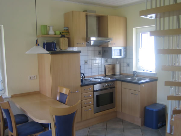 Küche: komplett eingerichtete Küchenzeile, 4-Platten-Herd/Backofen, Mikrowelle, Kühlschrank mit Tiefkühlfach, Kaffeemaschine, Wasserkocher, Toaster, Dunstabzugshaube, Mixer
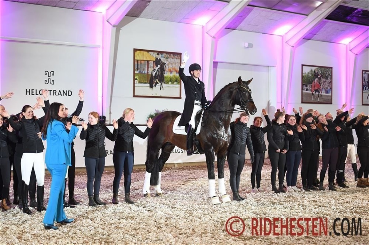 En meget flot afslutning på en fremragende show blev leveret af først Mette Sejbjerg Jensen på en smukke 5-årige Iron e. Asgard’s Ibiza/ Hohenstein og til sidst herren i huset, Andreas Helgstrand på den imponerende Jovian e. Apache/ Tango, som netop har debuteret i Grand Prix i en alder af blot 8 år. Med power, gummi, elastik, afskub, bæring, rummelighed og skulderfrihed til overmål fik Jovian tiden til at stå stille.
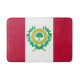 Bath mat with flag of city of Raleigh, North Carolina; flag with three vertical bands of red and white with city’s seal in the centre
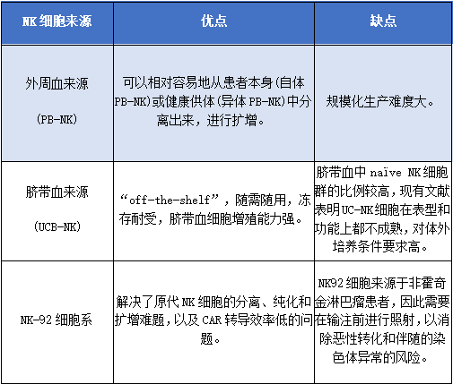 (表1 不同来源的NK细胞对比)
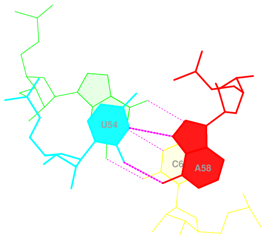 | U54-A58 | неканоническая пара внутри Т-петли |
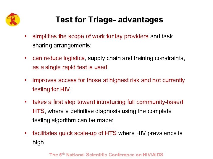 Test for Triage- advantages • simplifies the scope of work for lay providers and task sharing arrangements; • can reduce logistics, supply chain and training constraints, as a single rapid test is used; • improves access for those at highest risk and not currently testing for HIV; • takes a first step toward introducing full community-based HTS, where a definitive diagnosis using the complete testing algorithm can be made; • facilitates quick scale-up of HTS where HIV prevalence is high The 6 th National Scientific Conference on HIV/AIDS
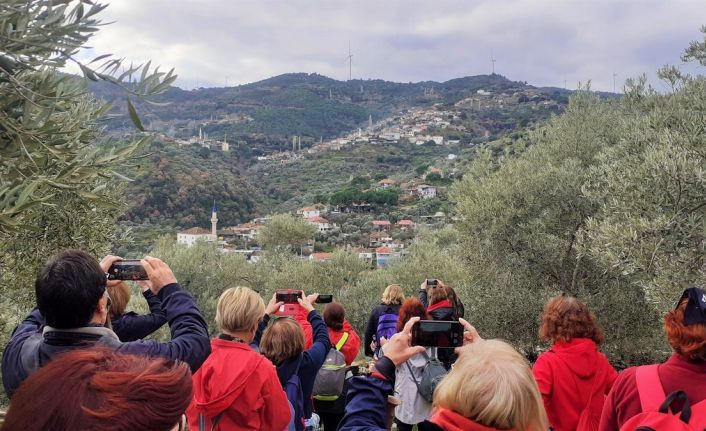 Her zaman olduğu gibi doğa ve kültür gezilerinin devam edeceğini ifade eden EKODOSD Başkanı Bahattin Sürücü, gezi ile ilgili bilgi vererek “Timinciler Çayı vadisinden aşağıya doğru yürüdük. Bizim yürümekte zorluk çektiğimiz eğimli arazilerde beyaz çadırlarını açarak ürünlerini toplayan zeytin emekçilerine hayranlık duyup, ölmez ağaç asırlık zeytinlerin içinden geçip doğanın sesini dinledik. Rotamız üzerindeki antik yolun kenarındaki tarihi çeşmeleri inceledik, beyaz mersinlerin tadına bakıp, pınarlarından sular içtik. Rotamız üzerinde zeytinliklerin içinde yer yer kalmış antik taş döşeme yollardan yürüyüp, tarihi çiftlik evlerini inceledik. Daha önce Aydın Kültür Varlıklarını Koruma Bölge Kurulu Müdürlüğü’ne korunması ve tescil edilmesi için müracaat ettiğimiz zeytin işliğinde bir inceleme yaptık. Bulunan kalıntıların antik dönemin somut örnekleri olduğunu, bölgedeki zeytin kültürünün antik dönemden günümüze kadar devam ettiğini, gelecek kuşaklara ulaştırılması için zeytin ağaçlarının mutlaka korunması gerektiğini belirttik. Zeytinlikler arasında büyük zahmetlerle yapılan sınır duvarlarının arasından yürüyüp, kekik kokuları arasında vadiden akan çayın içine indik. Timinciler Çayı’nın siyah renkli bir boya gibi aktığını gördük. Bunun nedeninin yukarıda havzada yer alan zeytinyağı işletmelerinden çaya verilen kara atık suların olduğunu söyledik. Özellikle kurak geçen bu mevsimde bir damla suyun bile çok önemli olduğunu, doğaya karışan atık suların Büyük Menderes Nehri’ne karıştığını, nehir sularının önce Bafa Gölü Tabiat Parkı’na sonra da Büyük Menderes Deltası Milli Parkı’nın içinden geçerek Ege Denizi’ne ulaştığını anlattık” dedi.
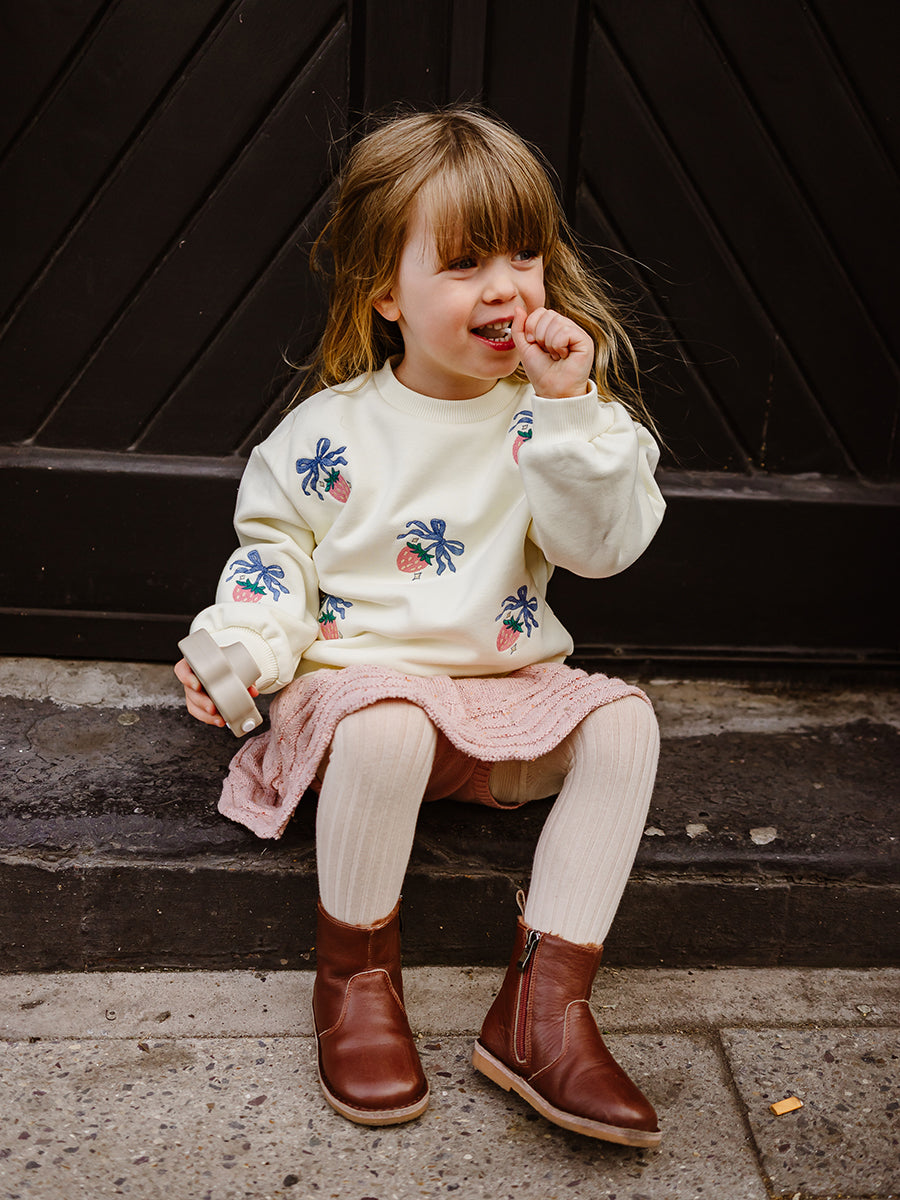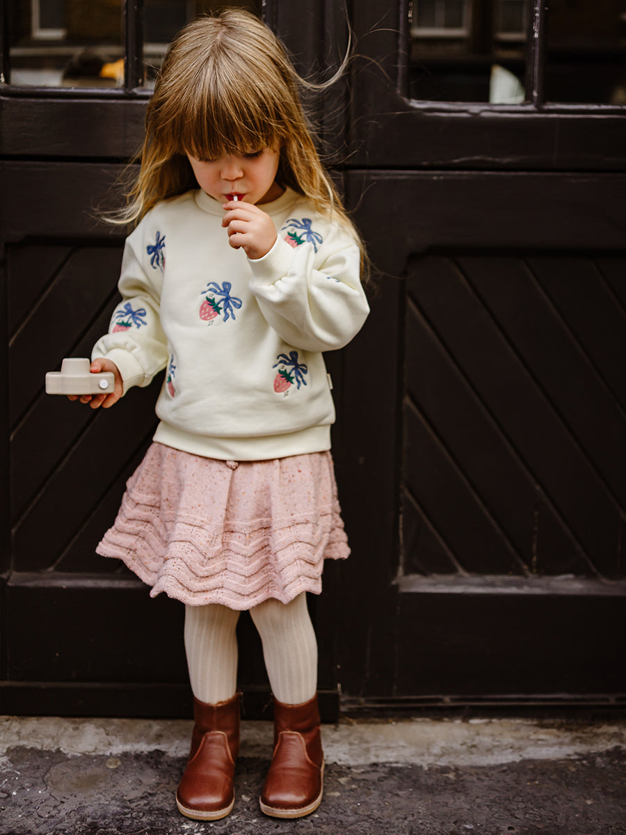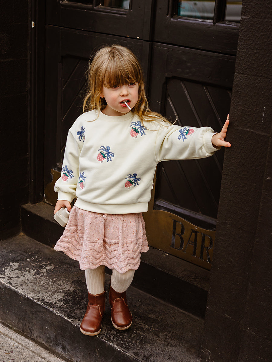Strawberry Hand-Embroidered Knitted Pants, Crème Brulee
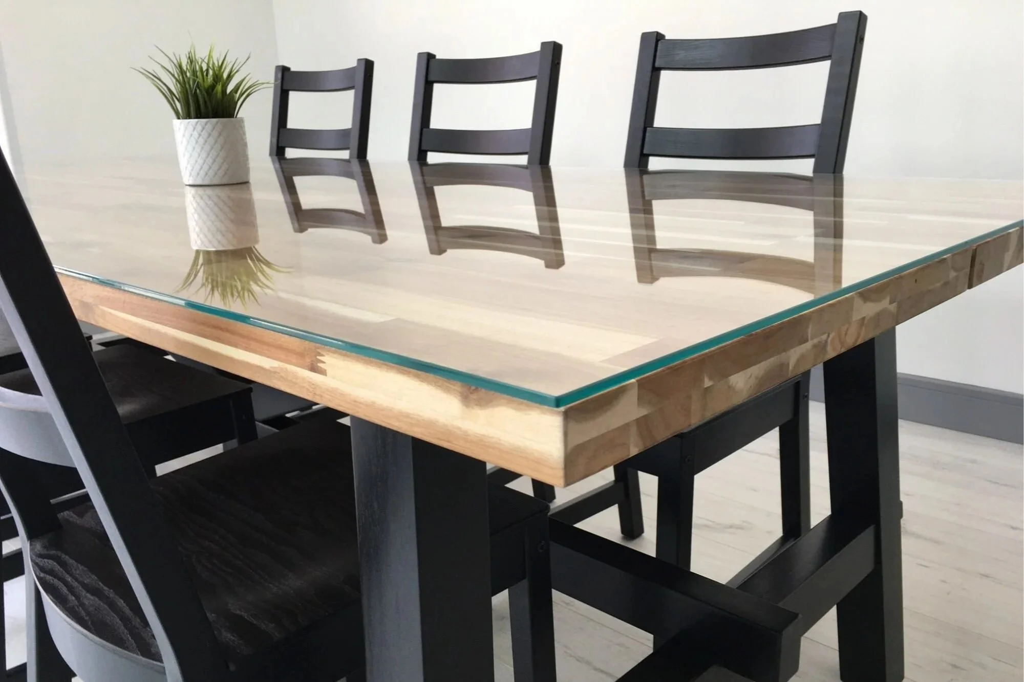 Glass Tabletops: Protect your wood dining table or antique desk with a custom-cut piece of clear glass. We measure the exact curve of your furniture for a perfect match.
::::
Above are records with pictures; repeat them exactly, but without the pictures.

* FINAL ANSWER
 Küche: komplett eingerichtete Küchenzeile, 4-Platten-Herd/Backofen, Mikrowelle, Kühlschrank mit Tiefkühlfach, Kaffeemaschine, Wasserkocher, Toaster, Dunstabzugshaube, Mixer
 En meget flot afslutning på en fremragende show blev leveret af først Mette Sejbjerg Jensen på en smukke 5-årige Iron e. Asgard’s Ibiza/ Hohenstein og til sidst herren i huset, Andreas Helgstrand på den imponerende Jovian e. Apache/ Tango, som netop har debuteret i Grand Prix i en alder af blot 8 år. Med power, gummi, elastik, afskub, bæring, rummelighed og skulderfrihed til overmål fik Jovian tiden til at stå stille.
 Bath mat with flag of city of Raleigh, North Carolina; flag with three vertical bands of red and white with city’s seal in the centre
 (表1 不同来源的NK细胞对比)
 | U54-A58 | неканоническая пара внутри Т-петли |
 Test for Triage- advantages • simplifies the scope of work for lay providers and task sharing arrangements; • can reduce logistics, supply chain and training constraints, as a single rapid test is used; • improves access for those at highest risk and not currently testing for HIV; • takes a first step toward introducing full community-based HTS, where a definitive diagnosis using the complete testing algorithm can be made; • facilitates quick scale-up of HTS where HIV prevalence is high The 6 th National Scientific Conference on HIV/AIDS
 Her zaman olduğu gibi doğa ve kültür gezilerinin devam edeceğini ifade eden EKODOSD Başkanı Bahattin Sürücü, gezi ile ilgili bilgi vererek “Timinciler Çayı vadisinden aşağıya doğru yürüdük. Bizim yürümekte zorluk çektiğimiz eğimli arazilerde beyaz çadırlarını açarak ürünlerini toplayan zeytin emekçilerine hayranlık duyup, ölmez ağaç asırlık zeytinlerin içinden geçip doğanın sesini dinledik. Rotamız üzerindeki antik yolun kenarındaki tarihi çeşmeleri inceledik, beyaz mersinlerin tadına bakıp, pınarlarından sular içtik. Rotamız üzerinde zeytinliklerin içinde yer yer kalmış antik taş döşeme yollardan yürüyüp, tarihi çiftlik evlerini inceledik. Daha önce Aydın Kültür Varlıklarını Koruma Bölge Kurulu Müdürlüğü’ne korunması ve tescil edilmesi için müracaat ettiğimiz zeytin işliğinde bir inceleme yaptık. Bulunan kalıntıların antik dönemin somut örnekleri olduğunu, bölgedeki zeytin kültürünün antik dönemden günümüze kadar devam ettiğini, gelecek kuşaklara ulaştırılması için zeytin ağaçlarının mutlaka korunması gerektiğini belirttik. Zeytinlikler arasında büyük zahmetlerle yapılan sınır duvarlarının arasından yürüyüp, kekik kokuları arasında vadiden akan çayın içine indik. Timinciler Çayı’nın siyah renkli bir boya gibi aktığını gördük. Bunun nedeninin yukarıda havzada yer alan zeytinyağı işletmelerinden çaya verilen kara atık suların olduğunu söyledik. Özellikle kurak geçen bu mevsimde bir damla suyun bile çok önemli olduğunu, doğaya karışan atık suların Büyük Menderes Nehri’ne karıştığını, nehir sularının önce Bafa Gölü Tabiat Parkı’na sonra da Büyük Menderes Deltası Milli Parkı’nın içinden geçerek Ege Denizi’ne ulaştığını anlattık” dedi.
Strawberry Hand-Embroidered Knitted Pants, Crème Brulee
 Glass Tabletops: Protect your wood dining table or antique desk with a custom-cut piece of clear glass. We measure the exact curve of your furniture for a perfect match.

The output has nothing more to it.